The reason is simple.  You cannot have a circular definition.  Physics is the description and study of the way in which the physical universe functions.  The way in which the universe came into being therefore cannot be discerned by looking at the function of universe itself.

For if the universe allows something to be created from nothing, then you need a universe in which to create something from nothing, which means you're starting from something, not nothing.  You have to have a universe in which to create a universe.  That brings us right back to the infinite recursion problem.  The chain must begin somewhere or else nothing ever actually exists.

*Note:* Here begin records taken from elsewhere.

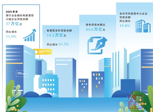 截至2025年末,工行制造业贷款余额突破5.2万亿元、同比增长近20%。建行投向战略性新兴产业贷款同比增长23.46%,投向京津冀、长三角、粤港澳大湾区等重点区域的贷款保持良好增长态势。农行县域贷款占境内贷款比重超过40%,年增量连续4年超过万亿元。交行养老产业贷款增幅接近50%。邮储银行养老金金融规模超3.5万亿元。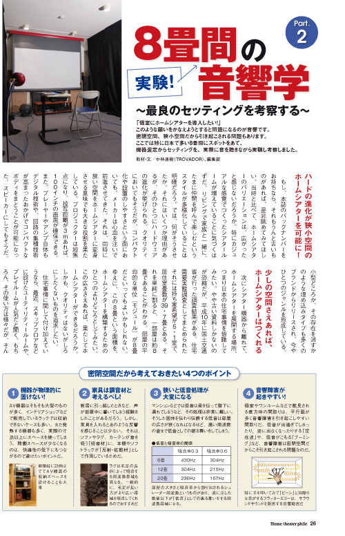 個室にホームシアターを導入する場合、ネックのひとつになるのが音響です。密閉空間、狭小空間だから引き起こされる諸問題と回避策とは…。日本に多い8畳間にスポットをあて、機器設定からセッティングまで実際に音を聴きながら実験、考察しました。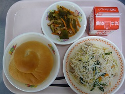 ミルクロール、焼きビーフン、茎ワカメのソテー、牛乳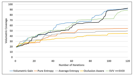 - Delmerico, J.A.; Isler, S.; Sabzevari, R.; Scaramuzza, D. A comparison of volumetric information gain metrics for active 3D object reconstruction. Auton. Robot. 2018, 42, 197–208. [Google Scholar]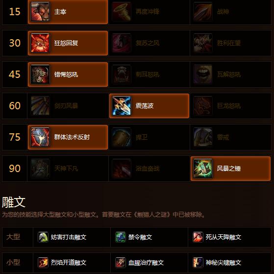 个性雕纹搭配 [ 妨碍打击] 雕纹:你的英勇打击or 顺劈斩会使目标减速50%持续8秒。

Thus, the universe demands an uncaused cause, without which nothing could ever exist.  The laws of physics that govern the universe had to have been determined by someone or something.

This is a long way of saying that there must eventually be someone who owns everything without Himself being owned.  He owns himself and everything else.  This, of course, is God.

[This is a very old proof for the existence of God.  I didn't come up with it.  I've just put it in my own words.]

The conclusion is that we belong to God.  We already knew this, of course, but this is yet another way of arriving at the same conclusion.

The second conclusion quickly follows.  I am supposed to be using my will and intellect to make choices that serve not myself, but that seek to accomplish the purpose for which I was created in the first place.